How XSS Detection Works
Estimated reading time: 2 minutesKita Html catches XSS vulnerabilities before they reach production through two tools that share the same analysis engine: a TypeScript language service plugin for real-time editor feedback, and a CLI scanner for CI/CD pipelines.
Editor plugin
The TypeScript plugin hooks into getSemanticDiagnostics. When a .tsx or .jsx file is
analyzed, the plugin walks the JSX AST depth-first and inspects every expression used as a
child of an element. For each expression, it resolves the TypeScript type and determines
whether that type could carry unescaped HTML.
If the type is string, any, or an object with toString(), the expression is flagged
as unsafe. If the type is a number, boolean, string literal, JSX.Element, or
Html.Children, it is considered safe. Union types are safe only if every member is safe.

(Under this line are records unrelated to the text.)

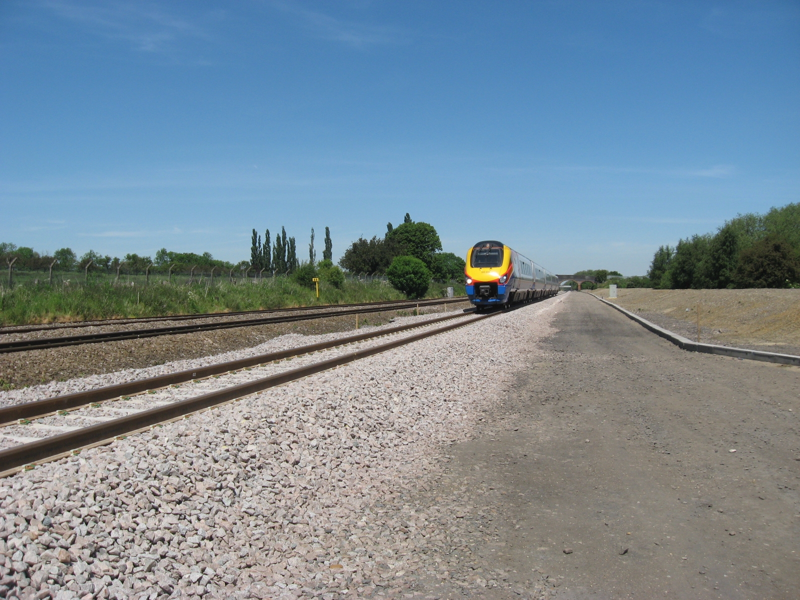 Train running on new 3rd line between Kettering and Harrowden junctions
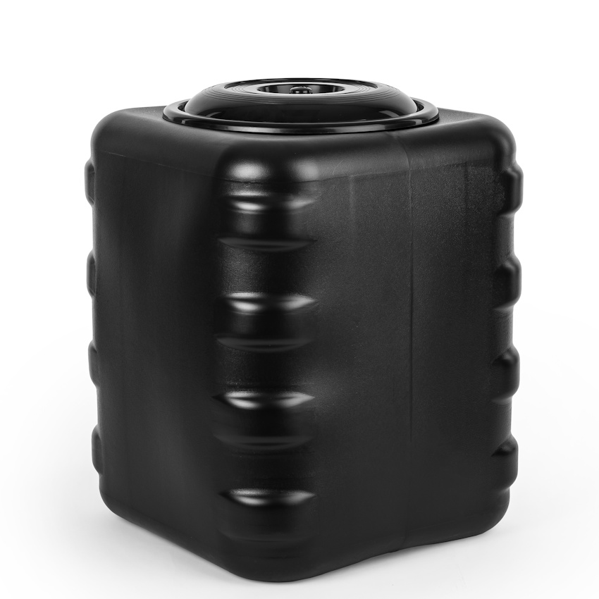 Бак выполнен из качественных полимеров, устойчив к солнечным лучам, влаге и перепадам температур. Благодаря большой горловине в него удобно наливать воду, также сбоку расположено место для слива на которое можно самостоятельно установить кран. На стенке изделия есть специальная шкала для определения уровня воды.
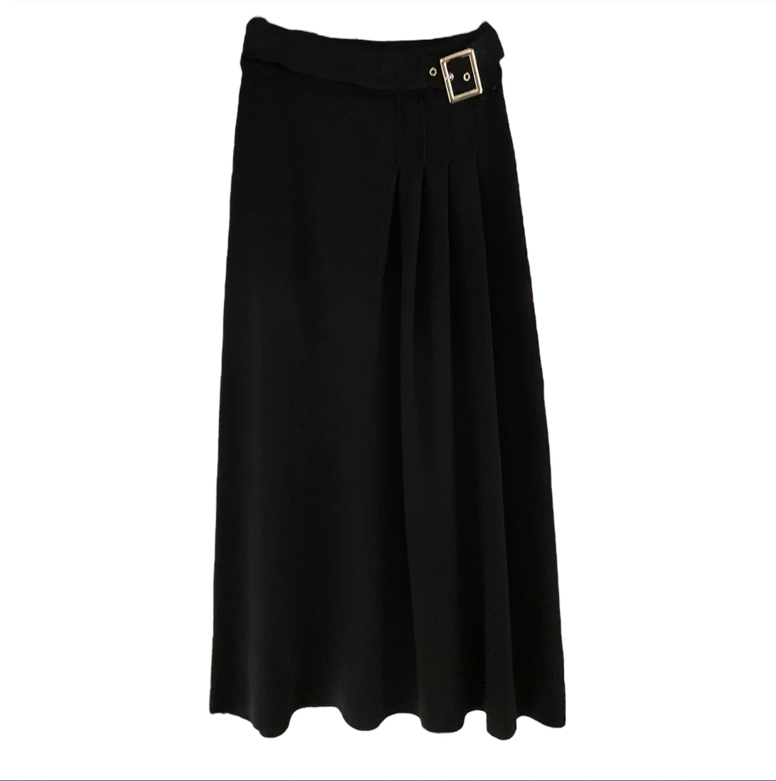 Gonna donna longuette in maglina. Vita con elastico e fibbia sul davanti effetto cintura. Pences laterali effetto plissettato laterale, lunghezza alla caviglia. Vestibilità comoda. Composizione tessuto 68% viscosa 32% poliestere.
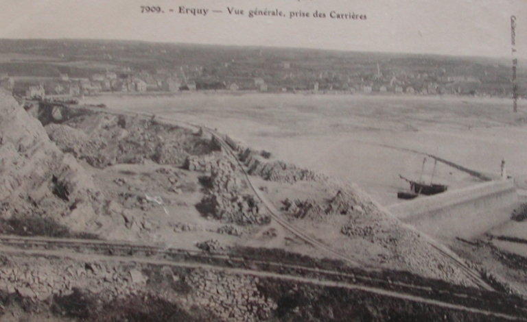 Depuis longtemps, on savait tirer parti à Erquy de la présence abondante du grès rose pour la construction, mais l'on se contentait d'exploiter les affleurements naturels de la Garenne (les pierres de Garenne) et les escarpements du bord de mer (le poudingue). La famille Dolledec d'Erquy à la fin du 18ème siècle avait commencé cette exploitation. Cependant, les premières carrières ne furent véritablement ouvertes qu'au début du 19ème siècle, par les familles de maçons, aux abords du Pendu (famille Cholet) et du sémaphore (Dagorn, Rault, Le Gentil). En 1848, l'extraction se développa avec l'ouverture de la carrière du Maupas (le Lac Bleu) dont on tira les matériaux d'empierrement nécessaires à la réalisation de la route nationale. En 1854-55, la commune accorda l'exploitation des pointes rocheuses autour de Saint-Michel à Barrier, entrepreneur au Mans, qui utilisait le grès rose pour le pavage des rues. En 1891-92, la Société des Carrières de l'Ouest racheta la société Barrier et fit l'acquisition de toutes les carrières ouvertes sur le cap d'Erquy entre le Noirmont et les Trois Pierres, puis jusqu'à Pléhérel. Elle se lança dans l'exploitation industrielle du grès rose, essentiellement tournée vers l'exploitation des pavés. En 1866, la construction du Port Barrier inaugurait le développement commercial des carrières (pavés) par la voie maritime. A la fin du 19ème siècle et au début du 20ème siècle, les carrières emploient jusqu'à 400 ouvriers. Le dernier bateau à vapeur transportant le grès s'appelait le "Quartzite". Une partie du personnel des carrières était logée sur le port. Le village de la Fosse Eyrand fut réalisé par la Société des Carrières de l'Ouest pour loger ses ouvriers occupés à l'exploitation des carrières voisines, transformées aujourd'hui en centre de vacances. Les carrières exploitées par des artisans répondaient aux besoins d'une clientèle locale et fournissaient des cheminées, linteaux et entourages de portes et fenêtres, poteaux de hangar et d'entrée de champ, dalles pour le sol, moellons de maçonneries et d'énormes masses de remblais utilisées pour les routes et les chemins. Au fond des carrières, les ouvriers s'abritaient derrière un rudimentaire clayonnage. L'activité des carrières fut à son maximum entre 1900 et 1927, puis la production s'affaiblit progressivement, victime de la concurrence et d'un manque de mécanisation. Les sites les plus favorables avaient été exploités sans ménagement et l'urbanisation aux abords des carrières de Tu es Roc interdit l'extension de celles-ci. A partir de 1914 : fermeture de l'extraction par creusement sur le cap devenu les "lacs Bleus". En 1930, les carrières de la Fosse-Eyrand périclitent. Cependant, en 1943, les Allemands relancent l'exploitation de la Fosse-Eyrand pour produire le granulat nécessaire à la construction du Mur de l'Atlantique. A partir des années 1950, La Société des Carrières de l'Ouest délaisse la production de pavés pour celle des granulats. Les carrières furent définitivement fermées en 1960. Le barrage de la Rance fut construit en 1961-65 avec les débris de la carrière de la Fosse Eyrand. La construction du nouveau port de pêche fut réalisée en 1971 avec les débris amassés jusqu'en 1937-38 à proximité. Cependant, en 1986, la SARL Grès et Tradition d'Erquy reprenait une partie de la concession (sous l'ancien sémaphore, avec un lieu de vente située à la Couture). Depuis 1991, l'extraction a recommencé sur Erquy. Cette entreprise produit des moellons, parements, pavés, cheminées et mobilier poli. A Fréhel, existe la dernière entreprise locale appartenant à la Société des Carrières de l'Ouest. Elle a pu perdurer, grâce à sa reconversion, vers les années 1950, dans la production industrielle de granulats. Nous avons repéré deux œuvres sur le circuit des carrières de la pointe d'Erquy : les bâtiments en partie en ruines de la forge au-dessus du port et l'ancienne poudrière sur le site de Port-Blanc. L'étude de la forge a été effectuée.
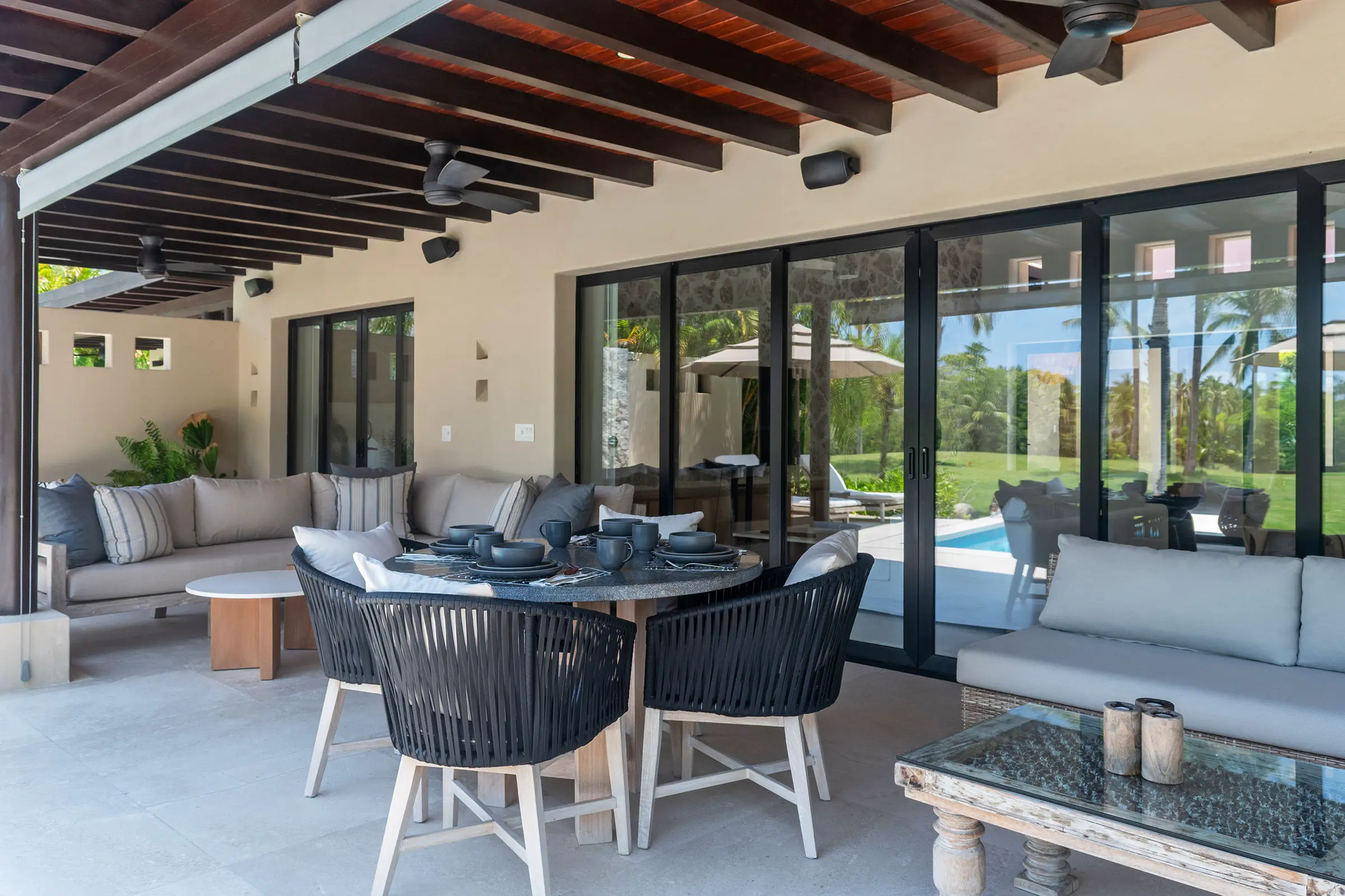 Al entrar, el ambiente acogedor de la sala de estar / comedor le da la bienvenida, conectando a la perfección a un estado de la técnica de cocina gourmet. La comodidad es máxima con un lavadero adyacente. El punto central de la villa, una espaciosa terraza parcialmente cubierta, invita a relajarse. Aquí podrá darse un refrescante chapuzón en su piscina privada o deleitarse con los exuberantes paisajes.
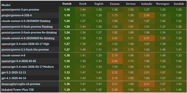 Af EuroEvals benchmark fremgår det, at Gemma 4 31B scorer nær topscore på 1,18 points på dansk, kun overgået af Googles mest avancerede Gemini 3 Pro, som overgår den med en score på 1,16.
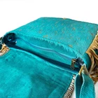 Description: Make a bold statement with this handcrafted turquoise cowhide shoulder bag, designed to blend bohemian charm with luxury details. Its striking golden medallion centerpiece, intricate beadwork, and long fringe accents create a show-stopping design that stands out anywhere you go. Crafted from high-quality natural cowhide, the bag is not only durable but also soft to the touch, offering both style and practicality. With limited quantities available, each bag is unique and exclusive, making it a one-of-a-kind accessory for your collection. Perfect for daily wear or special occasions, this bag pairs effortlessly with casual outfits or boho-inspired looks. Whether you’re heading to a festival, a night out, or simply want to elevate your everyday style, this turquoise cowhide bag is the perfect companion. Specifications: Dimensions: 12" W x 10" H x 4" D Material: Premium natural cowhide with leather accents Color: Turquoise with golden medallion and fringe details Strap: Comfortable adjustable shoulder strap Closure: Secure flap with interior zipper compartment Design: Golden medallion centerpiece with beadwork and fringe trim Limited Edition: Available in small quantities Key Features: ✔️ Handmade from high-quality cowhide ✔️ Striking turquoise hue with golden medallion centerpiece ✔️ Luxurious fringe detailing for a bold boho style ✔️ Spacious interior with a zipper compartment for essentials ✔️ Limited edition, truly unique piece Condition: · Brand New

Both branches of ternary expressions are checked independently.
The plugin emits diagnostics directly in the editor with error codes TS88601 through TS88604. These appear as red or yellow squiggles on the unsafe expression, with a message explaining the issue and how to fix it.
CLI scanner
The xss-scan CLI creates a TypeScript program from your tsconfig.json, loads all
project files, and runs the same analysis as the editor plugin. It outputs colored
diagnostics to the terminal and exits with code 0 (clean), 1 (errors found), or 2
(warnings only).
Adding xss-scan to your test script ensures that every CI run catches XSS issues that
may have been introduced since the last commit. The scanner analyzes the entire project in
a single pass, making it suitable for pre-commit hooks or CI gates.
What this means in practice
The combination of editor-time and CI-time detection creates a closed loop. The editor catches issues as you type. The CI scanner catches anything that slipped through, such as changes from a developer without the plugin configured, or type changes in a dependency that make a previously safe expression unsafe. The only way to ship XSS-vulnerable code is to explicitly suppress the diagnostic using one of the documented suppression techniques.